To further explore this effect, cells plated on three levels of substrate stiffness (100 Pa, 2.5 kPa, and 10 kPa) were exposed to discrete levels of shear stress and stained with phalloidin and DAPI to elucidate their morphology in response to the combined mechanical stimuli. Fig. 3 summarizes the results of these experiments. On the 10 kPa substrate, increasing shear stress from 0 to 2.2 Pa did not have a drastic effect on cell morphology relative to the softer substrates. In contrast, on the 100 Pa substrate, cells appeared spherical and did not spread in the absence of fluid flow. However, addition of 0.6 Pa shear stress was sufficient to induce a spreading response, and further increasing the shear to 2.2 Pa had a pronounced effect on cell shape.
Fig. 3B quantifies the alignment of cells exposed to the same substrate stiffness and shear stress combinations. Alignment was quantified by dividing the dot product of the long axis of the cell and the direction of flow by the magnitude of these vectors to create a normalized quantity (parallel = 1, perpendicular = 0). Fig. 3B,i shows alignment data for the 10 kPa substrate. At all levels of applied shear (0.6–2.2 Pa), the distributions demonstrated significant alignment compared to the static control. On the 2.5 kPa substrates, 1.2 Pa shear stress was required to align the cells, evidenced by the random distributions of cell axis at static and 0.6 Pa shear levels. On 100 Pa stiffness, the effect is even more pronounced: cells don't exhibit significant alignment until exposure to 2.2 Pa of shear stress. Taken together, these results demonstrate that cell alignment in response to shear stress significantly depends on the stiffness of the substrate.
In addition to quantifying cell alignment, the images in Fig. 3 were also used to determine the cell area response. Moreover, AFM measurements were used to determine if the cortical stiffness of the cells followed the same trend as cell area. Fig. 4 shows the cell areas and elastic moduli for cells exposed to the aforementioned range of substrate stiffness and shear stress conditions. On 10 kPa gels, there was no significant increase in cell area over the range of shear stresses applied, but cells exposed to 1.8 Pa of shear stress exhibited significantly augmented elastic modulus. At 2.5 kPa, the cell area significantly increased only in response to 2.2 Pa shear, but the elastic modulus was significantly higher after only 1.2 Pa of shear. Hence, on both 10 kPa and 2.5 kPa gels, the changes in cell stiffness did not mirror the trends in cell area. However, on 100 Pa, both the cell area and cortical stiffness significantly increased with application of fluid shear stress of 0.6 Pa and higher.
Fig. 4.

A) Cell areas and B) elastic moduli of BAECs exposed to varying shear stress and substrate stiffness. * and + denote significance compared to the static control for each substrate stiffness. Data for cell area was produced in parallel with the alignment data (3 independent experiments and 25 < n < 30). For cell elastic moduli, data was produced using 1 independent experiment and 3 < n < 15.

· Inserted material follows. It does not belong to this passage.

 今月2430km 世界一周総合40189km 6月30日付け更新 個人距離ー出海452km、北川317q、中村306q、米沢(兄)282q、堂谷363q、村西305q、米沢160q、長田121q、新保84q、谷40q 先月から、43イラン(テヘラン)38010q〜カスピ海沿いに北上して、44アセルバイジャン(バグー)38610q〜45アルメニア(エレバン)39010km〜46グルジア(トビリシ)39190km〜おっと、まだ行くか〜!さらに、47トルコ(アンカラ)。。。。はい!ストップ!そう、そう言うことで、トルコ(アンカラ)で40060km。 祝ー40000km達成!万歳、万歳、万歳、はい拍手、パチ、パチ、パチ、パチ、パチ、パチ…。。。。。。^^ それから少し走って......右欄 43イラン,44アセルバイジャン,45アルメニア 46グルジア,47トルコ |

In static conditions, the elastic moduli of cells plated on the 2.5 kPa were greater than those of cells on 100 Pa, consistent with previously reported stiffness-sensing behaviour. However, the application of 2.2 Pa of shear stress produced statistically similar elastic moduli between cells on 2.5 kPa and 100 Pa substrates, indicating that shear stress could override the response of the endothelial cells to substrate stiffness. Nonetheless, for all levels of shear stress, the cell area and elastic modulus of cells plated on the 100 Pa were significantly less than cells on the 10 kPa gel, indicating a limit to which shear stress could overcome the effect of substrate stiffness.

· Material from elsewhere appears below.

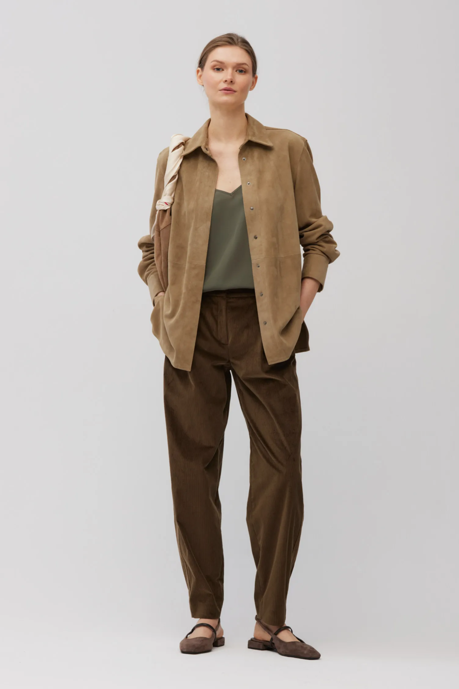 Hergestellt aus weichem, natürlichem Wildleder. Klassischer Kragen, gerade Passform. Lange Ärmel mit Manschettenabschluss. Verschluss mit Metallknöpfen. Farbe: Beige.

We next investigated the mechanism by which the subconfluent endothelial cells responded to the applied shear stress while adhered to the polyacrylamide gels. Because the cells lack the cell–cell junctions present in a confluent monolayer, we did not pursue the well-established PECAM-VEcaderin-VEGFR2 mechanotransduction pathway. Rather, we focused on hyaluronan, an integral component of the endothelial glycocalyx. The glycocalyx has previously been identified as a sensor of shear stress.29,30 One of hyaluronan's cell surface receptors, cd44, is upstream of the Rho/ROCK pathway, and hyaluronan has previously been associated with spreading on soft substrates.31 Therefore, cells on the 100 Pa substrates were exposed to hyaluronidase, an enzyme that degrades this glycosaminoglycan, and 4-methylumbelliferone (4-MU), a hyaluronan synthase inhibitor, to determine if hyaluronan was required for spreading in response to shear stress. Fig. 5 indicates that both degrading the existing hyaluronan with hyaluronidase and inhibiting the production of HA with 4-MU did not affect the adherent area of the cells in the absence of flow, but both agents effectively blocked the spreading response on soft substrates over the observed time period. Even at the highest applied level of shear stress, 2.2 Pa, no significant increase in spreading was observed in the treated cells. The results suggest that hyaluronan is a necessary component of the shear sensing mechanism of cells on soft substrates.
Fig. 5.

Cell area of BAECs plated on 100 Pa and exposed to shear stress untreated (control), pre-treated for 3 hours with hyaluronidase (HA-idase), or treated with an HA synthase inhibitor (4-MU). Data was produced using 2 individual experiments for each treatment and 28 < n < 32.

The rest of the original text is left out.